**DIRECTIONS**
Without the pictures, output all of the data exactly.

Saved entries:
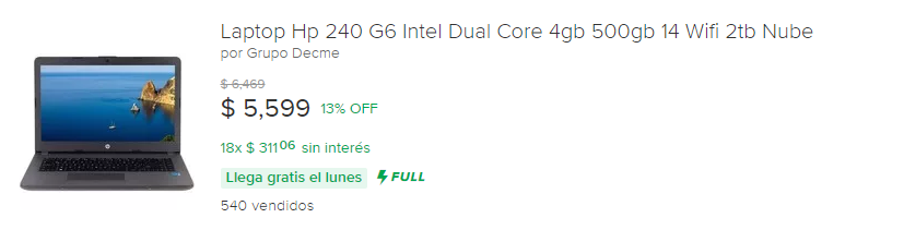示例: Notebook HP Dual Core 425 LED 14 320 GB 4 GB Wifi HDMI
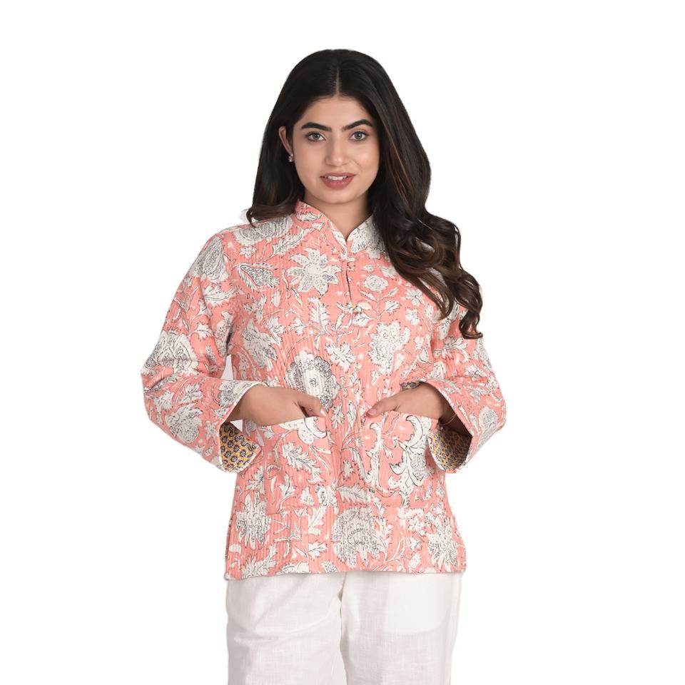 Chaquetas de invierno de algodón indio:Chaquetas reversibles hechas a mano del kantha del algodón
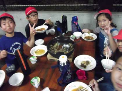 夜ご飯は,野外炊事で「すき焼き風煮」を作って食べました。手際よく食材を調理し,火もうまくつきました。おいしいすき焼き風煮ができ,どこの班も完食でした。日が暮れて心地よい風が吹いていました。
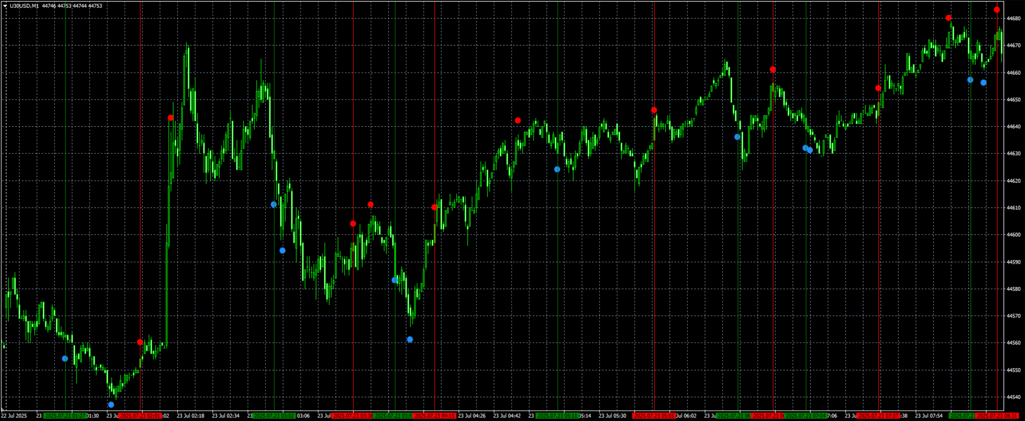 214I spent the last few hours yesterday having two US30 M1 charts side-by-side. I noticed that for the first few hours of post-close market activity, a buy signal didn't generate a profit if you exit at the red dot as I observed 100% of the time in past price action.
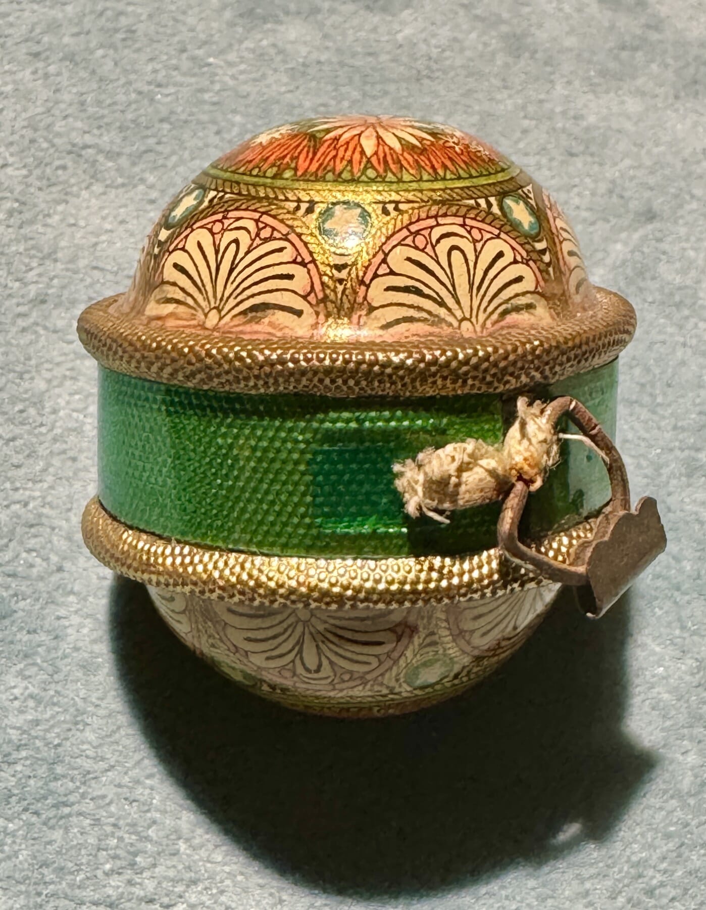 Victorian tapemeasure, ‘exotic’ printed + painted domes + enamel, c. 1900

**ANSWER TO THE PROBLEM**
示例: Notebook HP Dual Core 425 LED 14 320 GB 4 GB Wifi HDMI
 Chaquetas de invierno de algodón indio:Chaquetas reversibles hechas a mano del kantha del algodón
 夜ご飯は,野外炊事で「すき焼き風煮」を作って食べました。手際よく食材を調理し,火もうまくつきました。おいしいすき焼き風煮ができ,どこの班も完食でした。日が暮れて心地よい風が吹いていました。
 214I spent the last few hours yesterday having two US30 M1 charts side-by-side. I noticed that for the first few hours of post-close market activity, a buy signal didn't generate a profit if you exit at the red dot as I observed 100% of the time in past price action.
 Victorian tapemeasure, ‘exotic’ printed + painted domes + enamel, c. 1900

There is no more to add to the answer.